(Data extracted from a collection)
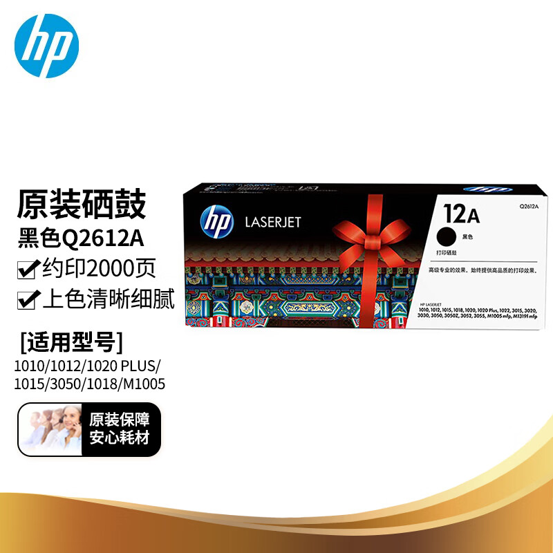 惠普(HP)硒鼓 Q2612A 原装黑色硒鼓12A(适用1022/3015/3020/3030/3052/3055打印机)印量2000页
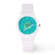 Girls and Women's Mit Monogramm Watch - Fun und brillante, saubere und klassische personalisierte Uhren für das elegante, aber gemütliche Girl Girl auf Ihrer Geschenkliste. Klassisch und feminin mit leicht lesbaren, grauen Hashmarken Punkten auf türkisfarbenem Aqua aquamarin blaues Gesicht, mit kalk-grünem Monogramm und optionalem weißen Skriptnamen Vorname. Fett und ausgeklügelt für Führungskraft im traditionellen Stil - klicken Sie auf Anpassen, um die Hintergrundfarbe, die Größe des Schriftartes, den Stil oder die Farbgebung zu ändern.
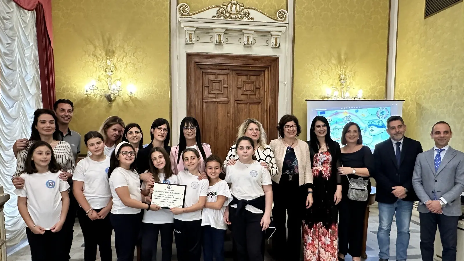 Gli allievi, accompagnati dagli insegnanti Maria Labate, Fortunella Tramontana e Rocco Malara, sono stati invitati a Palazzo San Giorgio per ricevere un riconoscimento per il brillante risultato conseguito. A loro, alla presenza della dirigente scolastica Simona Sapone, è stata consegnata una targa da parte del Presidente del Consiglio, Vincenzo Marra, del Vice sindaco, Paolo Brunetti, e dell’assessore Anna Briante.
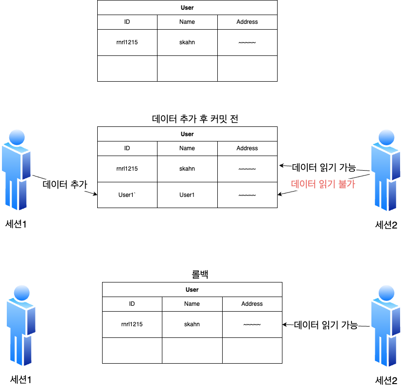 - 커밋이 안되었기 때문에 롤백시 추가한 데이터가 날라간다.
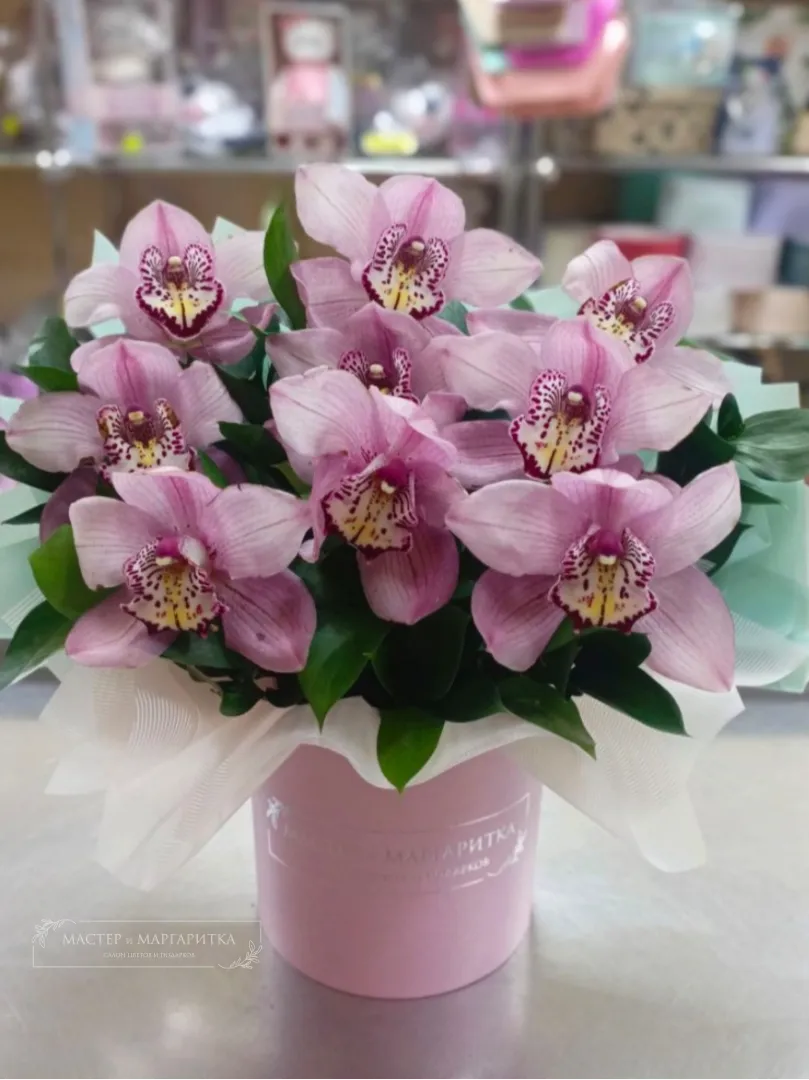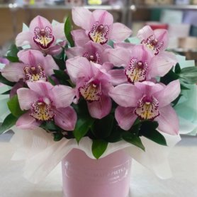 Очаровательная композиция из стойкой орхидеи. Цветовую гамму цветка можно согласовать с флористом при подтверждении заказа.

--- Work task ---
What is needed is an exact transcription of the lines from the one holding "Girls and Women's" to the end of the data, with every picture left out.

--- Written response ---
 Girls and Women's Mit Monogramm Watch - Fun und brillante, saubere und klassische personalisierte Uhren für das elegante, aber gemütliche Girl Girl auf Ihrer Geschenkliste. Klassisch und feminin mit leicht lesbaren, grauen Hashmarken Punkten auf türkisfarbenem Aqua aquamarin blaues Gesicht, mit kalk-grünem Monogramm und optionalem weißen Skriptnamen Vorname. Fett und ausgeklügelt für Führungskraft im traditionellen Stil - klicken Sie auf Anpassen, um die Hintergrundfarbe, die Größe des Schriftartes, den Stil oder die Farbgebung zu ändern.
 Gli allievi, accompagnati dagli insegnanti Maria Labate, Fortunella Tramontana e Rocco Malara, sono stati invitati a Palazzo San Giorgio per ricevere un riconoscimento per il brillante risultato conseguito. A loro, alla presenza della dirigente scolastica Simona Sapone, è stata consegnata una targa da parte del Presidente del Consiglio, Vincenzo Marra, del Vice sindaco, Paolo Brunetti, e dell’assessore Anna Briante.
 - 커밋이 안되었기 때문에 롤백시 추가한 데이터가 날라간다.
 Очаровательная композиция из стойкой орхидеи. Цветовую гамму цветка можно согласовать с флористом при подтверждении заказа.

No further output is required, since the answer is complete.